2012/9/6 Alex Gutteridge <alexg at ruggedtextile.com>:
> On 05.09.2012 13:53, David Westergaard wrote:
>>
>> Hi Alex,
>>
>> There is no control group as such. One of the diets is somewhat of a
>> control group, but not quite because it is still a diet that has some
>> 'special' properties. I am used to working with experiments which has
>> atleast one control group, so this setup is a bit out of my domain,
>> which is the reason I'm asking this list for advice.
>>
>> I guess what I meant by 'differentially expressed genes for each
>> diet', was a list of genes that can be attributed to this exact diet.

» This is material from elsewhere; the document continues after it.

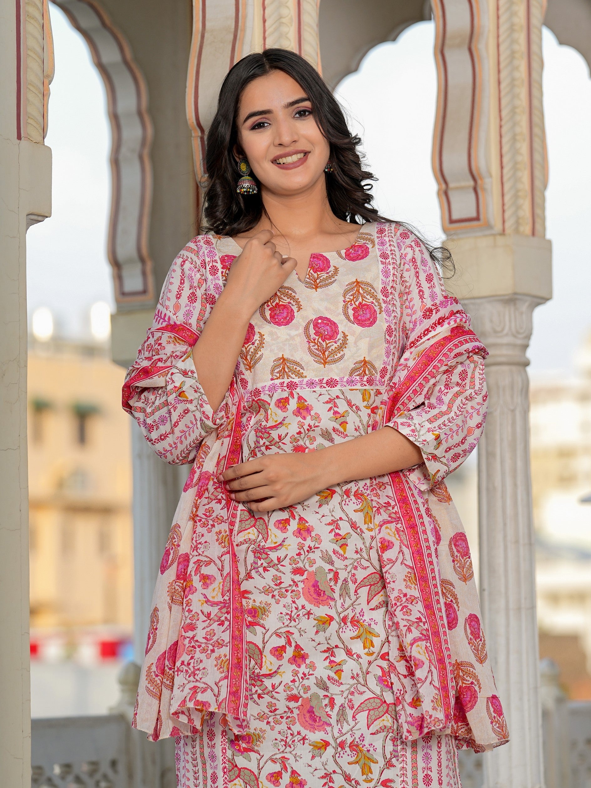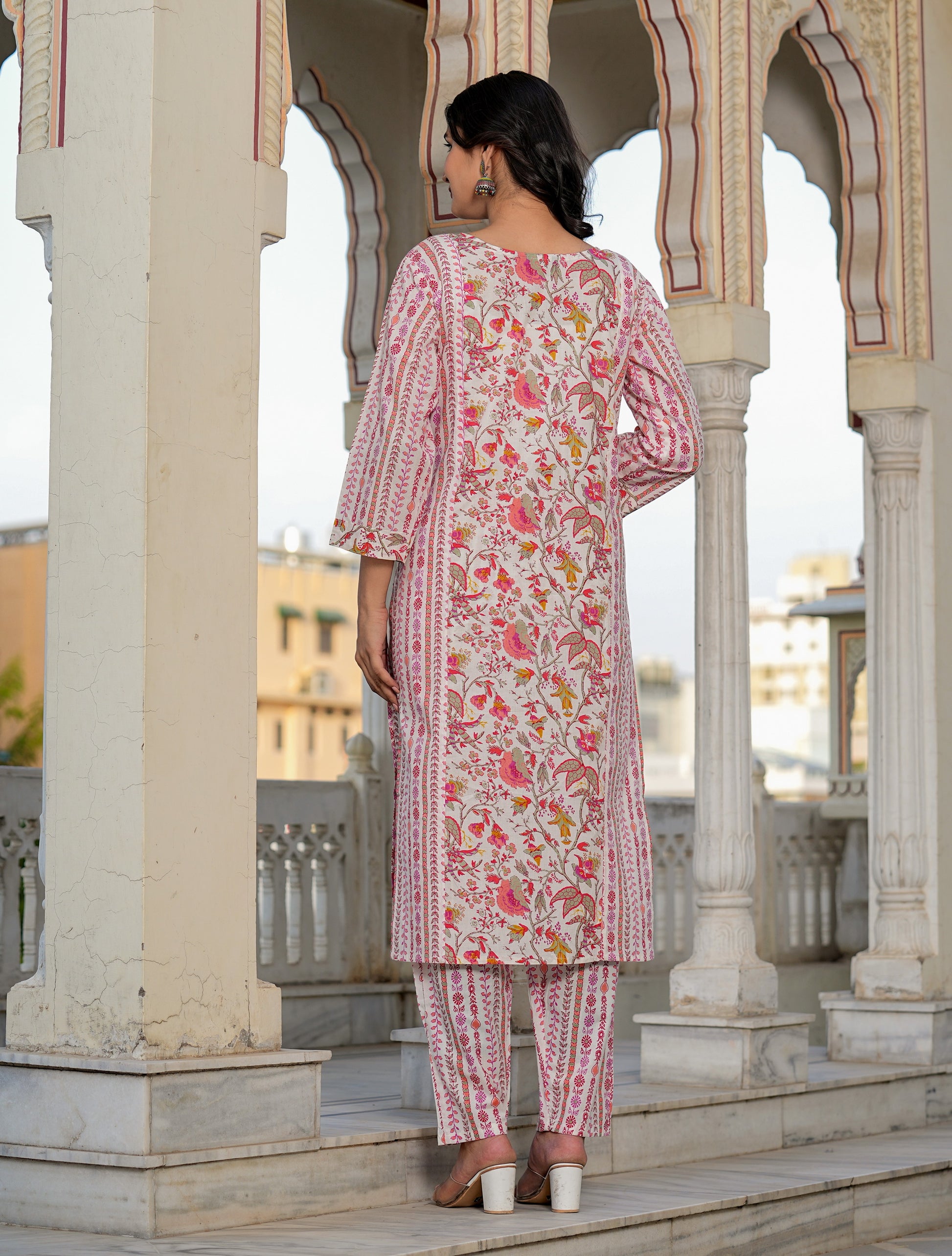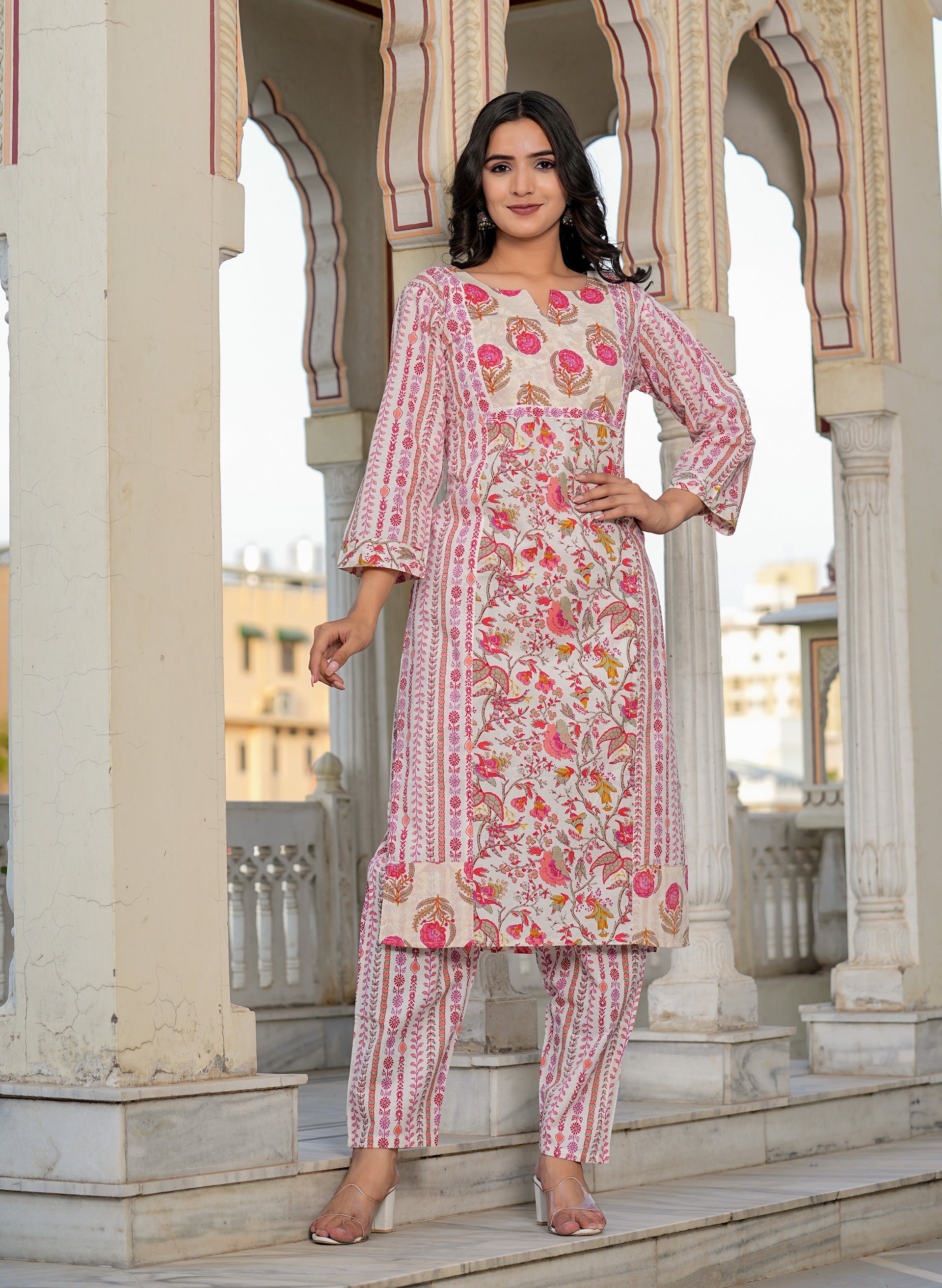 Pink Floral Printed Straight Cotton Kurta Set

>> Now that I think about it, it may be more appropriate to collect mRNA
>> at the start, mid and end of the experiment, and measure the change in
>> each group, instead of comparing these. The experiment is set to run
>> for 4months. I have not before dealt with experiments which have ran
>> for so long.
>
>
> Collecting a baseline measure sounds sensible. If these are human subjects
> you should expect a lot of variation (more than in an inbred animal model),
> the baseline measure can help correct for that.
>
> Your question is still quite hard though. It's often useful for me to think
> through some scenarios for patterns of expresison that might appear and plot
> them out before deciding which ones will be interesting and then how to
> design the experiment to find them. E.g: Say Gene X goes up two fold after 4
> months of Diet A and eight fold after 4 months on Diet B do you consider
> that a Diet B 'specific' gene or not? It goes up in both A and B, but much
> more in B, so either interpretation is possible. If you do consider that
> gene Diet B specific then you could do a contrast like (DietBEnd -
> DietBStart) - (DietAEnd - DietAStart), which shows you genes where the
> effect was greater in diet B than A without excluding genes that still
> showed an effect in A.
>
> In experiments like these I am always quite wary of the temptation to get
> differentially expressed gene sets and then do set subtraction. I.e. Diet A
> 'specific' genes = Diet A DE genes - Diet B DE genes - Diet C DE genes. I
> always find that approach is very sensitive to the cutoff used to define DE,
> but it can be easier to interpret I suppose. Again if there is really no
> control diet then creating a mean 'meta-diet' might simplify the analysis
> (at the cost of the interpretation being more abstract). So something like:
> (DietAEnd - DietAStart) - ((DietAEnd - DietAStart)+(DietBEnd -
> DietBStart)+(DietCEnd - DietCStart))/3.
>
>
>> Would the data collected be suited for microarray analysis? And if so,
>> when should the microarray analysis be performed? When each sample is
>> collected, or all together at the end?
>
>
> I would go for altogether at the end. RNA is very prone to degradation
> though, so you need to take all neccessary steps to preserve the samples
> (remove RNases and get to -80C) as soon as possible after collection.
>
>
>> Best,
>> David
>>
>>
>> 2012/9/5 Alex Gutteridge <alexg at ruggedtextile.com>:
>>>
>>> On 05.09.2012 09:55, David Westergaard wrote:
>>>>
>>>>
>>>> Hello,
>>>>
>>>> I am assisting in the setup of an experiment, in which 3 groups, each
>>>> consisting of 8 subjects, will be fed 3 diets:
>>>> Group 1 - Diet A
>>>> Group 2 - Diet B
>>>> Group 3 - Diet C
>>>>
>>>> We plan on using limma to identify the differentially expressed genes.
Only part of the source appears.